Although San Antonio’s Aldo Fabian Ramos and Brownsville’s Cande Aguilar have each contributed more typical gestural abstractions to Borderwavve, their more interesting works are also those that lie outside the realm of Abstract Expressionist conventions. In fact, both artists achieve their finest moments when exploring personal symbols and metaphors. Constructed mostly from triangles, the central emblematic image in Ramos’s Geo (2012) resembles a precious stone, which for the artist represents a sacred heart—an expression of eternal love that he has connected to a celestial blue universe using a system of expansive lines. From a purely aesthetic standpoint, the image seems filled with energy that could propel it forward into the viewer’s space. In Ramos’ small triptych Almas (Souls) (2014), the animated movements of geometric patterns and linear matrices allude to interconnectivity and the invisible matter that makes up the human spirit.
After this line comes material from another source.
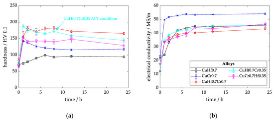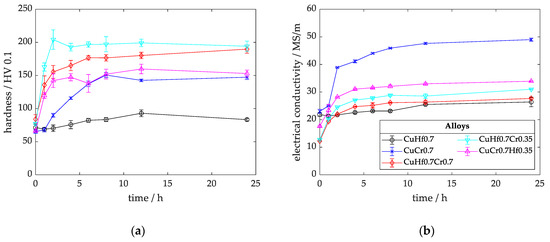 Whereas higher temperature was beneficial for the physical properties, hardness (Figure 5a) was significantly influenced by overaging effects. This drop of mechanical properties was a critical disadvantage for binary CuCr0.7, whereas CuHf0.7 did not reach the hardness level of its pre-deformed options. Alloying copper with hafnium and chromium shifted all of these effects in a favorable direction, as the ternary alloys reached high hardness values fast (at this temperature, after 2 h 183 HV 0.1 for CuHf0.7Cr0.7, after 1 h 189 HV 0.1 for CuHf0.7Cr0.35 and after 1 h 154 HV 0.1 for CuCr0.7Hf0.35) in combination with slower and less distinctive overaging (Figure 5a). Whereas hardness sharply dropped for CuCr0.7 after its peak aged condition, the ternary options mitigated this disadvantage at a higher absolute hardness level.

Of the four artists in the exhibition, it’s Cande Aguilar—the only one born in the United States—who’s showing art that immediately brings to mind associations with Mexican culture. This isn’t discerned through his abstract paintings, but rather in his found-object assemblages from a series that he calls ‘barrioPOP.’ In Confetti in a Bag (2016) and a recent untitled work, Aguilar uses confetti and balloons, materials commonly associated with fiestas, to express his feelings of fear and disgust over Trump’s rhetorical assault on Mexican Americans. Bagging the confetti refers to oppression, by containing the happiness and freedoms that are inherent to acts of celebration. Attaching deflated balloons to a paper gun target conveys the emotional exasperation felt by Aguilar over Trump’s alliances with the NRA and its gun-toting followers.
The exhibition continues at Presa House Gallery through December 23.